Hint: Hybridization can be defined as the concept in which mixing of two or more orbitals lead to the formation of new types of degenerate orbitals. Hybridization of the molecule can be calculated using the number of electrons in the valence shell of the central atom and the charge present on the molecule by applying a formula which we will see in the solution.

Complete answer:
We know that hybridization can be defined as the concept in which mixing of two or more orbitals lead to the formation of new types of degenerate orbitals. The new orbitals formed have different properties and are degenerate in nature (have the same energy level).

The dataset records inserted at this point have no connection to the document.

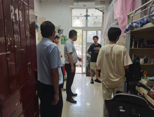在学校对疫情防控特殊时期总体部署下,为贯彻落实学校疫情防控工作会议精神及有关要求,了解关心学生在宿舍的学习生活状态,9月5日下午,我院党总支书记骆孟鑫、副书记陈文剑带领全体辅导员深入走访学生宿舍。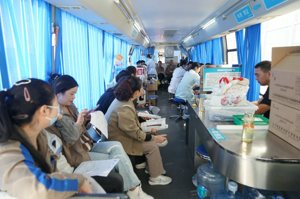 當天上午,整個廠區洋溢著愛的暖流。只見大家在采血車前有序填寫獻血登記表、測量血壓、征詢體檢、初篩采樣。隨后合格者上車獻血,奉獻愛心。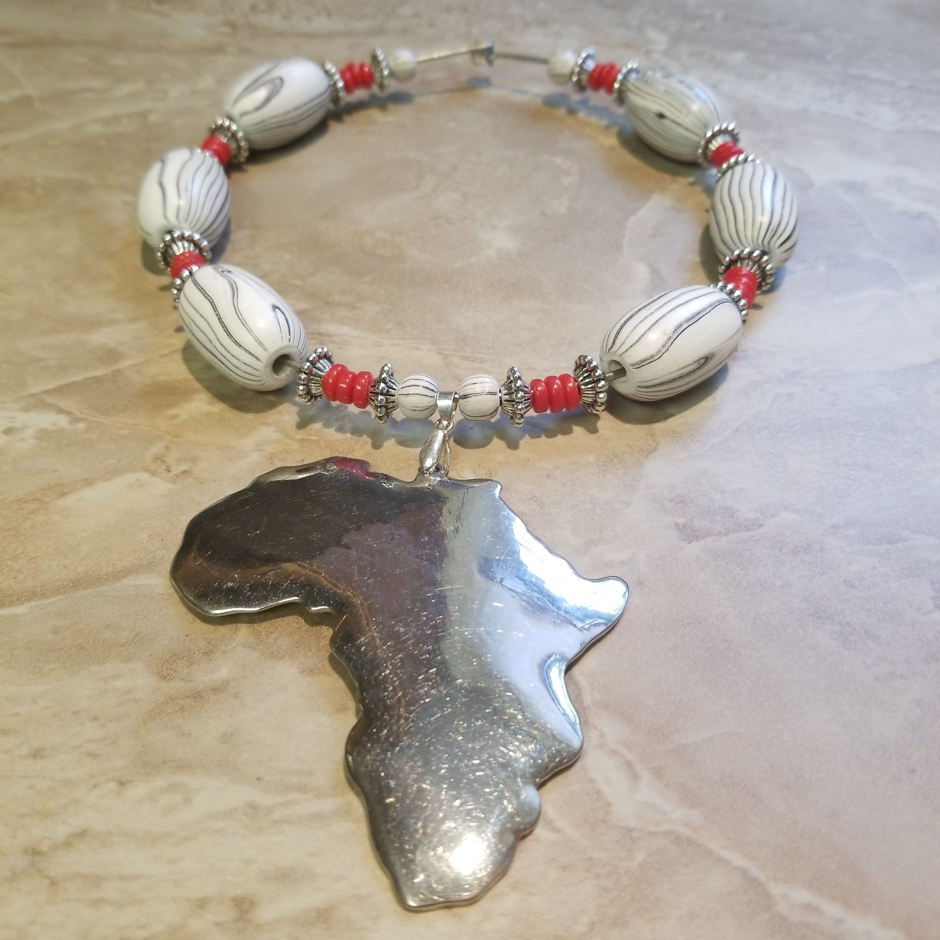Silver-plated African choker with wooden, glass, and silver-plated/finished beads.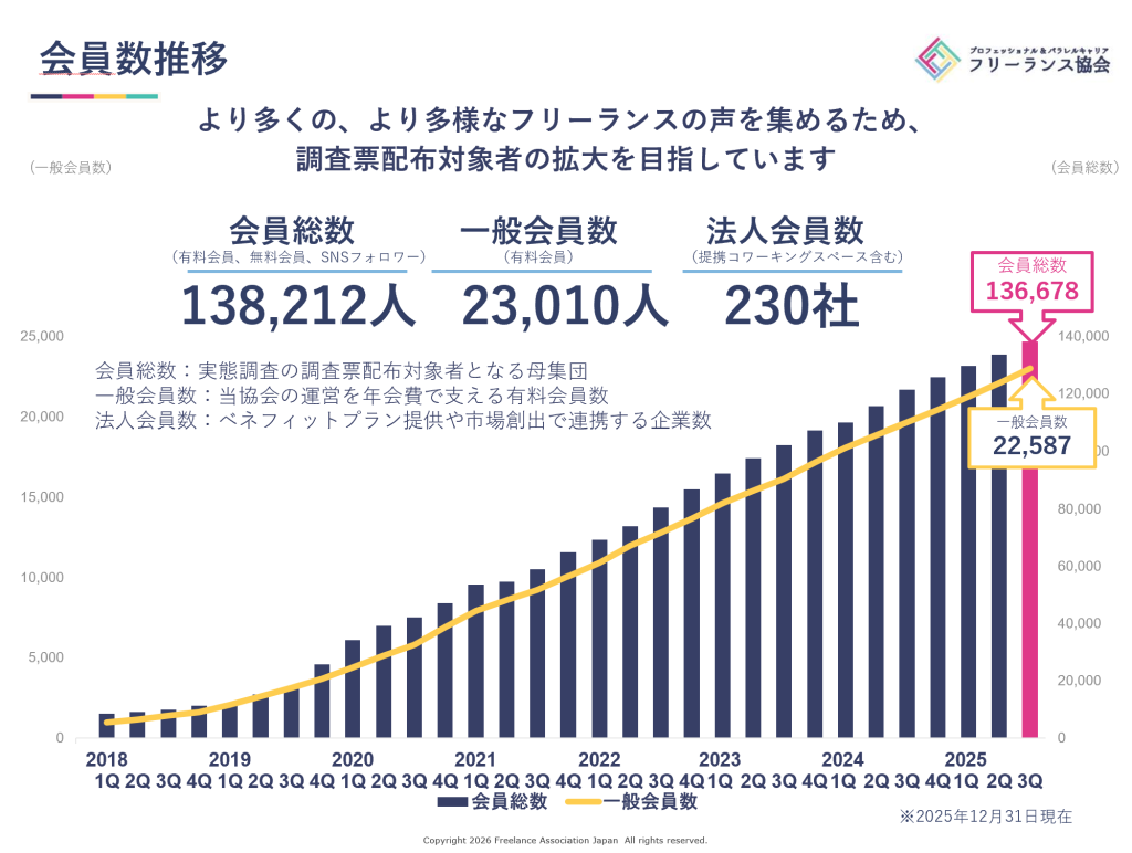 フリーランス協会では、より多くの、より多様なフリーランスの声を集めるため、調査票配布対象者となる会員数の拡大を目指しています。

We can calculate the hybridisation state of inorganic compounds using a formula which is given below:
$Hybridization = \dfrac{1}{2}\left[ {V + M + A - C} \right]$
Where, V is the number of valence electrons on the central atom.
M is the number of monovalent species.
A stands for anion and C stands for cation.

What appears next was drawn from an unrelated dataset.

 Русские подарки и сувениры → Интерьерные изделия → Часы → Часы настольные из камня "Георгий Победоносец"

The value of hybridization comes can be written as:
$2 - sp$
$3 - s{p^2}$
$4 - s{p^3}$
And so on.
For $B{F_3}$
Put the values in above formula:
$Hybridization = \dfrac{1}{2}\left[ {3 + 3 + 0 - 0} \right]$
$Hybridization = 3$
Therefore hybridization of $B$ in $B{F_3}$ is $s{p^2}.$
For $BF_4^ - $
Put the values in above formula:
$Hybridization = \dfrac{1}{2}\left[ {3 + 4 + 1 - 0} \right]$
$Hybridization = 4$
Therefore hybridization of $B$ in $BF_4^ - $ is $s{p^3}.$
So, the correct answer is “Option A”.

Note:
 The orbitals which belong to the same atom or ion can be hybridized. The total number of hybrid orbitals are always equal to the number of orbitals participating in the hybridization process. All the hybrid orbitals have the same shape and energy (they are degenerate in nature). Hybrid orbitals form more stable bonds as compared to pure orbitals.